Но на следующий день любопытство снова заставило ее задуматься над тем, почему, когда тебя целует молодой парень, ты испытываешь так мало удовольствия. «Должно быть, в этом есть нечто большее, чем я почувствовала, иначе священники не стали бы так часто повторять, что это дело греховное и запретное».

У наставника Отмара был своего рода помощник, который повторял уроки с учениками; звали его Жаном Бервилем. Это был долговязый оболтус двадцати лет с очень светлыми волосами. Даже дети, и те потешались над его маленькой круглой головкой с хитроватым выражением лица, посаженной на такое длинное тело. Жан Бервиль трепетал перед Ламьель. Как-то в праздник она сказала ему после обеда:

— Все пойдут танцевать, а ты выходи один и подожди меня в четверти лье от деревни, у большого креста, я приду туда через четверть часа.

Жан Бервиль пошел, куда ему указали, и уселся у подножия креста, ничего не подозревая.

Вскоре явилась Ламьель.

— Своди меня погулять в лес, — сказала она.

Кюре особенно запрещал молодым девушкам ходить гулять в лес. Когда она очутилась в очень глухом месте, окруженном со всех сторон большими деревьями, позади какой-то изгороди, она сказала Жану:

— Обними меня, сожми в своих объятиях.

Жан поцеловал ее и густо покраснел. Ламьель не знала, что ему сказать. С четверть часа она молча раздумывала, а потом заявила:

— Уйдем отсюда; но ты должен дойти до Шарпе, что в одном лье отсюда, и смотри никому не говори, что я водила тебя гулять в лес.

Жан снова густо покраснел и повиновался; на следующий день, когда он вернулся в школу, он все на нее поглядывал. Через неделю наступил первый понедельник нового месяца. В этот день Ламьель всегда ходила на исповедь. Она рассказала священнику о своей прогулке в лес; ее так одолевало любопытство, что она и не подумала что-либо от него скрывать.

Честный кюре устроил ей ужасную сцену, но ничего или почти ничего не добавил к ее сведениям. Через три дня Отмар, начавший подсматривать за своей племянницей, прогнал Жана Бервиля.
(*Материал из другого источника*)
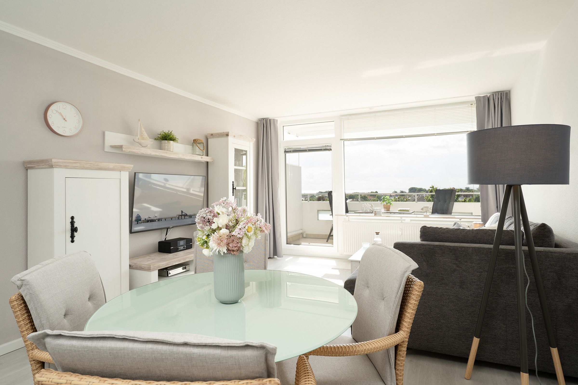 Diese charmante Ferienwohnung im 3. Stock eines gepflegten Hauses begrüßt Sie mit einem hellen Wohnbereich, ausgestattet mit TV, DVD- und CD-Player und gemütlicher Sitzecke – ideal zum Entspannen nach einem erlebnisreichen Strandtag. Vom angrenzenden Balkon mit Gartenmöbeln genießen Sie die frische Ostseeluft und den Blick auf die Ostsee.
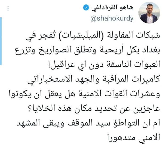 ألمح الكاتب الصحفي العراقي شاهو قرة داغي، إلى تواطؤ السلطة مع المليشيات الموالية لإيران، مستنكرا زرعها المتفجرات ونشر الصواريخ، بينما تفشل السلطة في تتبعهم.
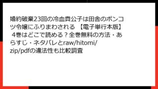 婚約破棄23回の冷血貴公子は田舎のポンコツ令嬢にふりまわされる 【電子単行本版】 婚約破棄23回の冷血貴公子は田舎のポンコツ令嬢にふりまわされる 【電子単行本版】 4巻はどこで読める?全巻無料の方法・あらすじ・ネタバレとraw/hitomi/zip/pdfの違法性も比較調査
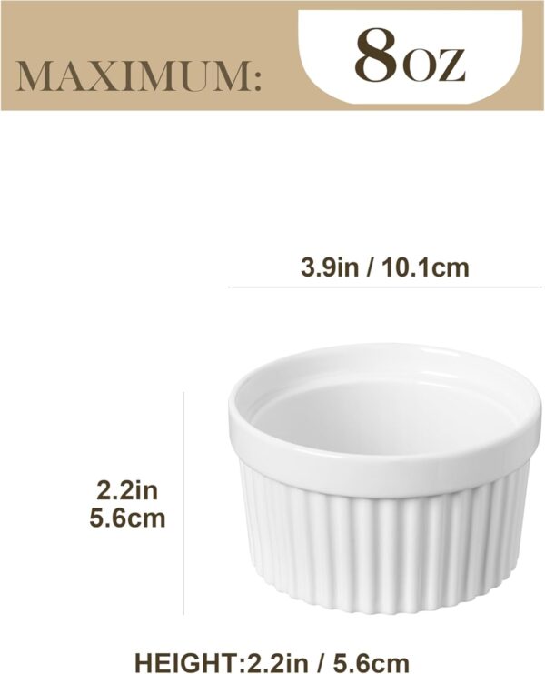 • 【PERFECT SIZE 】: 3.9 W x 2.2 H inches. 8 oz small ramekins are designed for souffle, crème brûlée, custards, desserts, ice cream and snacks, perfect for dipping sauce cups, charcuterie bowls
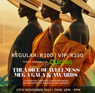 Be part of the biggest wellness celebration in Africa! Join thought leaders, changemakers, and conscious brands at the Voice of Wellness Mega Gala & Awards 2025. Enjoy soulful conversations, powerful connections, and transformational moments.
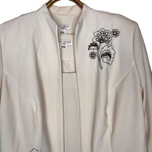 This Lady Dorby 16W Ivory Jacket and Camisole with Black Floral Embroidery is an easy to care for career set is perfect with a black skirt or pants. With the open front, collarless, and 3/4 sleeve design, this look is classic and practical. The ivory color is accented with beautiful black floral embroidery and is made from a polyester material that is easy to care for.
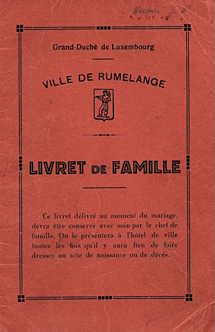 | 1938 | Familienbuch, Livret de Famille Ville de Rumelange. Dieses Exemplar wurde im Jahr 1938 ausgestellt. Vorderseite Rückseite |
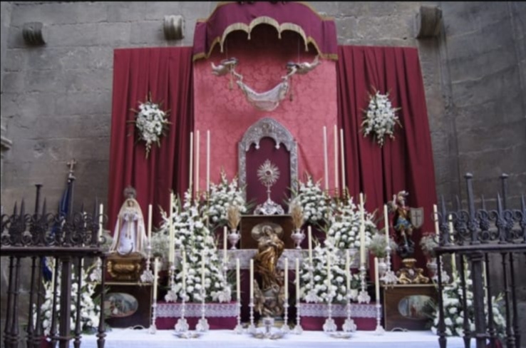 En este post además de hacer un poco de historia de esta festividad queremos recordar algunos de los Altares que nuestra cofradía ha montado en diferentes años en Granada en el Pie de la Torre y por los que llegaron a recibir diferentes premios por el Excmo. Ayuntamiento de Granada. (Las fotos son de los años 2007, 2008, 2009, 2011, 2013, 2015, 2016 y 2017).

По нескольким словам дядюшки, подслушанным Ламьель, она заключила, что причиной немилости, в которую попал Жан, является в какой-то мере она. Она стала его разыскивать и наконец через неделю нашла. Он шел с телегами одного соседа. Ламьель побежала за ним и дала ему два наполеондора. Страшно удивленный, Жан взглянул вдаль — на большой дороге никого не было; он поцеловал Ламьель и уколол ее своей бородой; она живо оттолкнула его, но все же решила добиться своего и узнать, что такое любовь.

— Приходи завтра к шести часам в тот лес, где мы были в воскресенье. Я тоже туда приду.

Жан почесал затылок.

— Дело-то вот в чем, — сказал он после многочисленных смешков и фраз вроде «мадмуазель уж слишком добра», — дело в том, — сказал наконец Жан Бервиль, — что я к завтрашнему дню не разделаюсь с одной работой, а тут я могу получить шесть франков в день и даже больше. Телегу из Мери я пригоню лишь завтра в восемь часов вечера.

— Когда ты будешь свободен?

— Во вторник. А впрочем, нет, возможно, будет еще работа, а хозяин заплатит мне только когда все будет окончено. Среда будет самое верное, тогда это моим делишкам не повредит.

— Ладно; я дам тебе десять франков, приходи в лес в среду в шесть часов вечера, только не надуй.

— О, за десять франков, если мадмуазель угодно, я готов прийти и завтра, во вторник, ровно в шесть часов.

— Отлично, завтра вечером, — сказала Ламьель, начиная терять терпение от жадности этого скота.

На другой день она нашла Жана в лесу; он принарядился в воскресное платье.

— Поцелуй меня, — сказала она.

Он ее поцеловал. Ламьель заметила, что он выполнил ее приказание и пришел свежевыбритым. Она сказала ему об этом.

— А как же иначе? — живо отозвался он. — Хозяйка здесь вы; вы хорошо платите, а потом вы такая красивая.

— Тут речь идет не о хозяйке, а я хочу стать твоей любовницей.

— Ну, это другое дело, — сказал Жан деловито, и затем без восторгов, без любви молодой нормандец стал ее любовником.

— И это все?

— Все, — отвечал Жан.

— У тебя уже много было любовниц?

— Три.

— И так-таки ничего больше и нет?

— Насколько я знаю — нет; хочет ли мадмуазель, чтобы я пришел еще раз?

— Я тебе скажу об этом через месяц; но помни, не болтай, не рассказывай никому.

— Не такой я дурак! — воскликнул Жан Бервиль.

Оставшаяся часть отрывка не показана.